# Complex numbers Notes

# Imaginary numbers

Quadratic equations as $x^2 = -1$ don't have any *real number* solution.
The solution exists in the **complex** number system.

Backbone of which is the **imaginary unit** $i$. For which following is true:

- $i = \sqrt{-1}$
- $i^2 = -1$

By taking multiples of $i$, I can create infinitely many **pure imaginary numbers**, e.g. $3i$, $i\sqrt{5}$, $-12i$.

By squaring an imaginary number I can explore how those relate to the real numbers: $$ (3i)^2 = 3^2i^2 = 9i^2 $$

Now I can apply the fact that $i^2 = -1$:

$$ 9i^2 = 9(-1) = -9 $$

Meaning $3i$ is square root of $-9$

## Simplifying pure imaginary numbers

As proved $\sqrt{-9}$ simplifies to $3i$ and following though process can be applied:
The square root of $-9$ is an imaginary number.

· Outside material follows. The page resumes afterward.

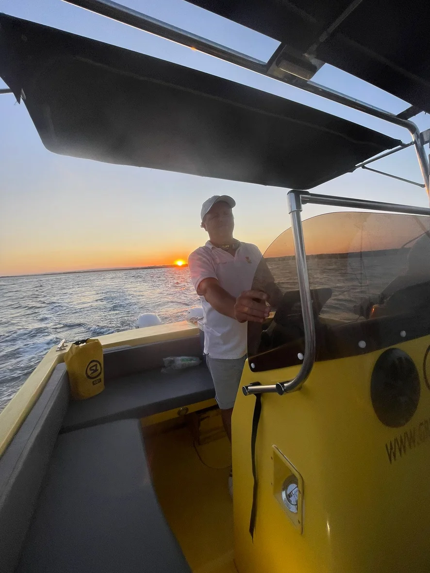 Dejando caer el Sol por la popa mientras navego a puerto base.

The square root of $9$ is $3$, so the square root of *negative* $9$ is $3$ *imaginary units*, or $3i$

More formally: $$ \text{For}~ a > 0, \sqrt{-a} = i\sqrt{a} $$

## Powers of $i$

Basic power line can be devised: $$ \begin{aligned} i^0 &= 1 \\ i^1 &= i \\ i^2 &= -1 \\ i^3 &= i^2 \times i = (-1)(i) = -i \\ i^4 &= i^3 \times i = (-i)(i) = (-1)(i)(i) = (-1)(-1) = 1 \\ i^5 &= i^4 \times i = 1 \times i = i \\ i^6 &= i^5 \times i = -1 \\ i^7 &= i^6 \times i = -i \\ i^8 &= i^7 \times i = 1 \\ \end{aligned} $$

Results can be summarised in following table:

$i^1$ | $i^2$ | $i^3$ | $i^4$ | $i^5$ | $i^6$ | $i^7$ | $i^8$ |
---|---|---|---|---|---|---|---|

$i$ | $-1$ | $-i$ | $1$ | $i$ | $-1$ | $-i$ | 1 |

Hence it appearst that powers of $i$ cycle through the sequence of $i, -1, -i, 1$.

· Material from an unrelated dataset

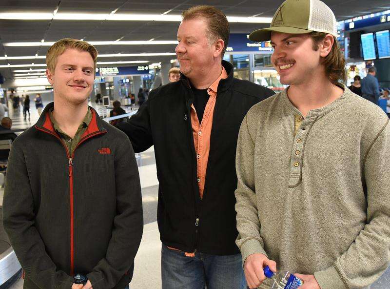 Proud father Dan Hanebrink of St. Charles picks up sons Kurt, left, and Brett on Wednesday at O'Hare. Kurt goes to school at Skidmore College in upstate New York, and Brett attends Ohio University. Bob Chwedyk/bchwedyk@dailyherald.com
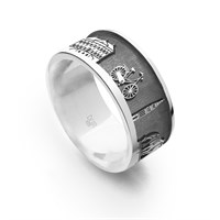 Ring "Wuppertal sandlos" dunkel rhodiniert R5525 Bandring "Wuppertal" Premiumausführung mit den silbernen Motiven: Wuppertaler Zoo, Schwebebahn, Fuchsvohwinkel, Schwebebahnüberbau Ohligsmühle und die Stadthalle, innen dunkel rhodiniert, alles aus rhodiniertem 925er Sterling-Silber.

Properties of exponents can be used to devise larger powers of $i$, e.g.: $$ i^{20} = i^{4\times5} = (i^4)^5 = 1^5 = 1 $$ Hence: $$ i^{20} = 1 $$

The fact that $i$ raised to a multiple of $4$ is $1$ (along with properties of exponents) can be used to find large powers of $i$.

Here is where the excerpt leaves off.